▶ [WORK REQUEST]
Transcription, pictures excluded: write out the data below exactly.

▶ [PROVIDED DATA]
"""

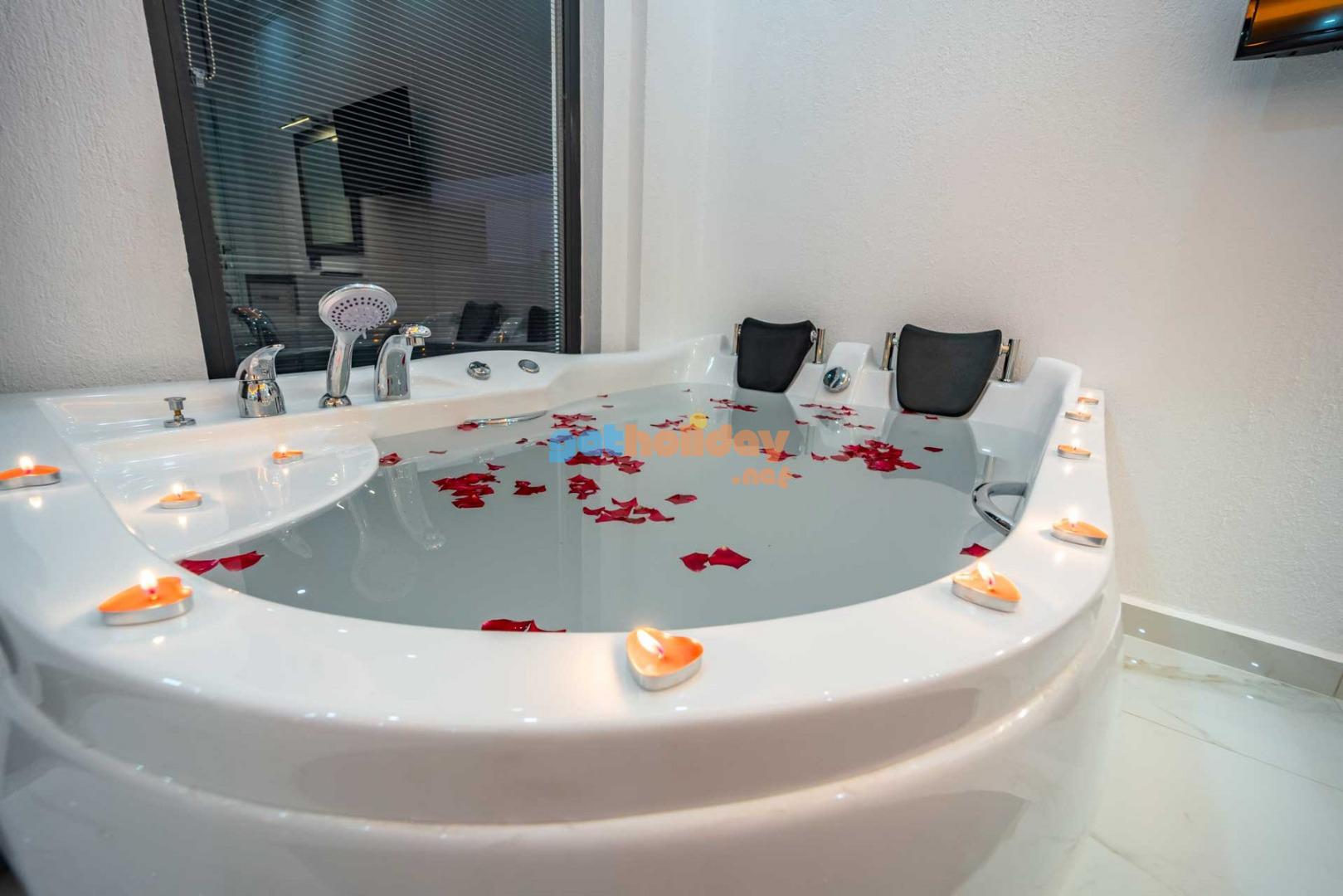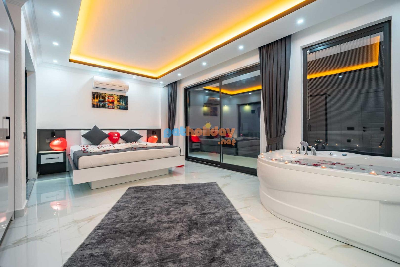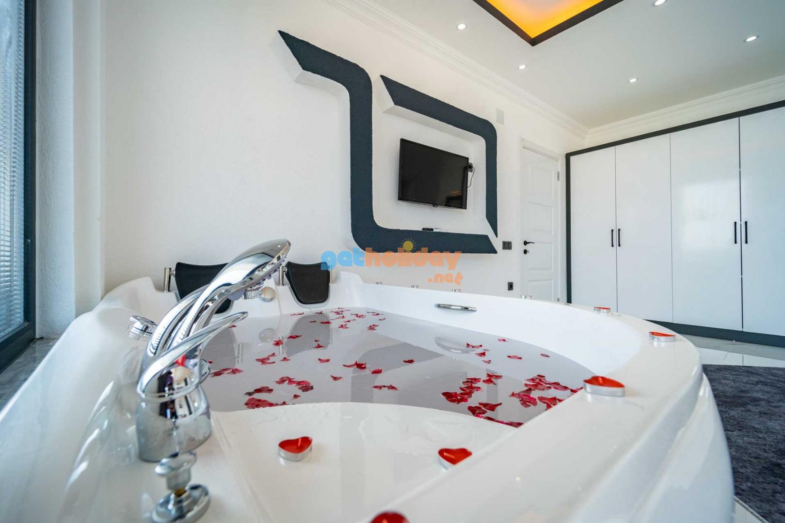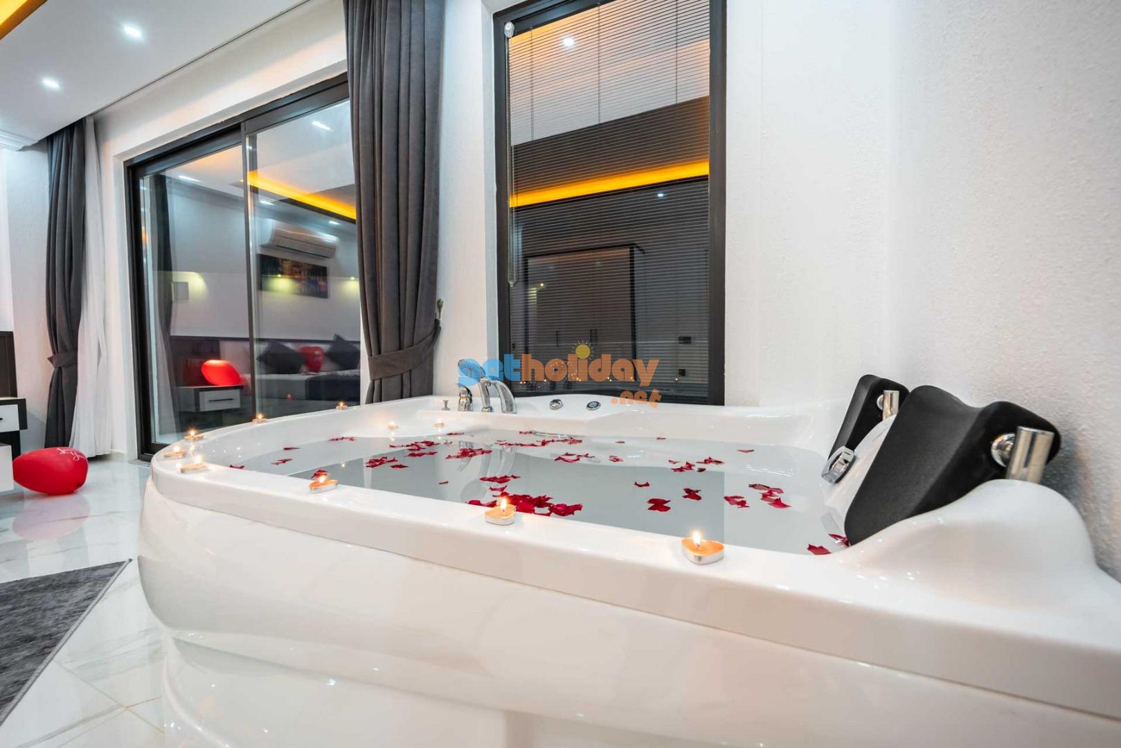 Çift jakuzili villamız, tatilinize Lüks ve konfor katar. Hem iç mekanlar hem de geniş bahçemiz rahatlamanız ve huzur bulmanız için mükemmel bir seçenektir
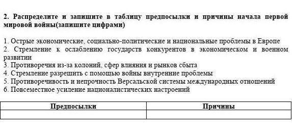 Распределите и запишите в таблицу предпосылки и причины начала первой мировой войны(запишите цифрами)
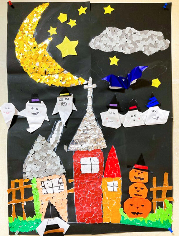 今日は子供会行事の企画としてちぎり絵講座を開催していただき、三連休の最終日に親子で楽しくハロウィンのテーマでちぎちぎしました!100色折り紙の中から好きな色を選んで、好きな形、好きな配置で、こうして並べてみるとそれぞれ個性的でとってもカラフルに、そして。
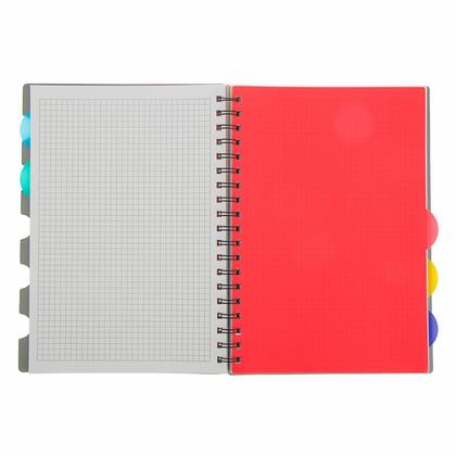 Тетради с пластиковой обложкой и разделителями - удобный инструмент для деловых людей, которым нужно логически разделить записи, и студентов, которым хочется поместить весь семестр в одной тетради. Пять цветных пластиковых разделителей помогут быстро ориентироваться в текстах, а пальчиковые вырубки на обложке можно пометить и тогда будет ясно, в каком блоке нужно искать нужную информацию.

"""

▶ [ANSWER TO THE EXERCISE]
 Çift jakuzili villamız, tatilinize Lüks ve konfor katar. Hem iç mekanlar hem de geniş bahçemiz rahatlamanız ve huzur bulmanız için mükemmel bir seçenektir
 Распределите и запишите в таблицу предпосылки и причины начала первой мировой войны(запишите цифрами)
 今日は子供会行事の企画としてちぎり絵講座を開催していただき、三連休の最終日に親子で楽しくハロウィンのテーマでちぎちぎしました!100色折り紙の中から好きな色を選んで、好きな形、好きな配置で、こうして並べてみるとそれぞれ個性的でとってもカラフルに、そして。
 Тетради с пластиковой обложкой и разделителями - удобный инструмент для деловых людей, которым нужно логически разделить записи, и студентов, которым хочется поместить весь семестр в одной тетради. Пять цветных пластиковых разделителей помогут быстро ориентироваться в текстах, а пальчиковые вырубки на обложке можно пометить и тогда будет ясно, в каком блоке нужно искать нужную информацию.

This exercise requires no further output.